A checklist for troubleshooting network problems (22 things to catch)

 

  1. Assumptions! What is really wrong? Is it the network that is being blamed for something else? Fully describe and detail the issue. The mere act of writing it down, often clarifies matters.
  2. Kick the tyres and do a visual inspection. With Smartphones being readily available, take pictures. I once went to a factory where there was a problem. Upon inspection, the network equipment was covered in pigeon pooh! The chassis had rusted and the PCB boards were being affected by the stuff. No wonder there was a problem. In another example, which involved radio links. It is difficult with radio links to remotely troubleshoot alignment errors. (I can recall when a heavy storm blew some radio links out of alignment. Until we climbed onto the roof we never realised how strong the wind really was that day!)
  3. Cabling. Is the cable actually plugged in? Is it plugged into the correct location. Wear and tear on cabling can also not be discounted. As a minimum invest in a decent cable tester. Check for power cable runs that are in parallel to network cables. Check for dust on fibre optic connectors. (Start off my reseating all the patch cables.)
  4. Check the auto negotiation settings. Many problems are as of a result of switch or host setting misconfiguration. Tip: Auto is best! Surprisingly, this is the the biggest current problem in networks. If you have a decent network management tool you can detect these mismatches and even discovery protocols like LLDP and CDP provide visibility.
  5. Are there packets being dropped? The next biggest problem is often the misinterpretation of bandwidth being used. As an example a 2 Mb/s WAN link will be unable to sustain a load of more than 2 Mb/s. Simple??? Often a techie will look at an hourly usage graph and say that because the graph show an peak of now more than 1 Mb/s there is no problem. WRONG. Data is burtsy which means that a load for a few seconds greater than the available bandwidth will drop packets and result in applications are impacted.

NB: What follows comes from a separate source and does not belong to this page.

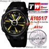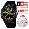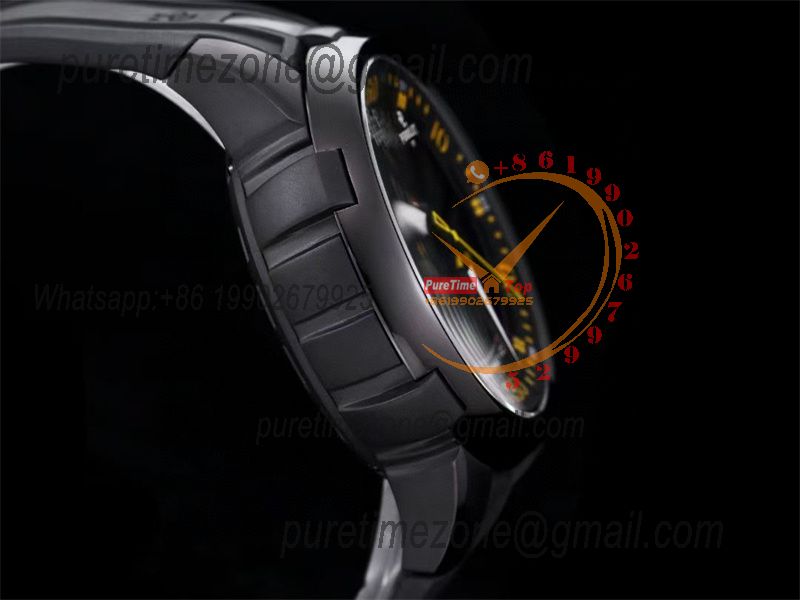 Turbine XL A1051/7 A23J Automatic Mens Watch TWF DLC All Black Yellow Rotating Dial Rubber Strap

The term used to describe the dropping of packets above the available load is called policing. This is mitigated by using shaping. It is crucial to understand that shaping needs to be implemented at a level below the policing rate or else there is no benefit as packets will still be dropped.
  6. Check the network drivers. Most of the network drivers that are pre-released with the operating systems are not optimal! Visit the NIC (Network Interface Card) manufacturer web site and update.
  7. Walk through the configuration. Are the IP addresses correct? Are the subnets correct? Is the right VLAN being used? Is the gateway correct?
  8. Changes. Compare and determine differences. Firewall rule changes are often candidate changes for review. (And don't discount desktop firewalls!) When reviewing changes consider: What: conditions, activity, equipment; When: schedule, occurrence, status; Where: local, environment; How: practice, actions, procedures; Who: personnel, supervision. Review the network documentation. Is what is written there reflected in reality?
  9. Power! Often network equipment does not start up correctly after a power outage or is adversely affected by brown outs.It might be prudent to restart the equipment to ensure a clean start up.
  10. Refer to those Release Notes. Somewhere in the world someone has had the same problem as you. Download and read the latest release notes for your network equipment.
  11. Black holes. It is amazing how common black holes really are in networks and it is usually down to incorrect MTU settings. I can recall a mad day of scrambling around attempting to troubleshoot network connectivity issues when finally narrowing it down to a WAN compression device that was messing with the MTU. Be sure to check all the appliances and netwok devices along the communications path and check the MTU. As more tunelled networks are deployed this issue will occur more often. (I was recently phoned by a pal who had the issue on one of his customer's networks between some old 3Com kit and a Cisco WAN. Everyone has gone down the wrong path in trying to troubleshoot the issue before I suggested he check the MTU. Voila! Problem solved).
  12. Sniff. Wireshark's powerful features make it the tool of choice for network troubleshooting. Load the software and capture a copy of the packets involved in the problem. This forms the basis of any extended analysis.
  13. Are the router tables correct? "show ip route"
  14. Is the bandwidth being saturated? FTP and email are bandwidth killers and the usual suspects.
  15. Spanning tree. Spanning tree must be setup in a deterministic fashion and not in a default manner. And hubs in a switched network or disasters in waiting. Also make sure a techie hasn't left a span port enabled and then reallocated it later.
  16. QoS settings. Have the correct bandwidth allocations been made and are they correct end to end?
  17. Hacking and pseudo hacking. You have hackers and then those that pretent to be hackers. Those vulnerability scans often cause more trouble than what they are trying to prevent. Death by shooting squadron at dawn is the only punishment for Infosec folk doing vulnerability scans across a WAN link especially during the day.
  18. Service provider finger pointing. Never trust a carrier or service provider when their lips are moving. I should know...
  19. Name resolution. Is name resolution working correctly?
  20. Complexity. Often network engineers try to show the worth of their big pay packages by designing complex networks. The true worth of a good design is if it is normalized and taken down to its most simple form. A simple network is less likely to go titsup.
  21. Broadcasts. In many cases too many nodes are installed into a single VLAN or broadcast domain. Has the LAN being correctly structured and designed?
  22. Pre-empt the issue. Fundamentally, this requires a good network configuration management tool and continuous reviews. Is this being done pro actively?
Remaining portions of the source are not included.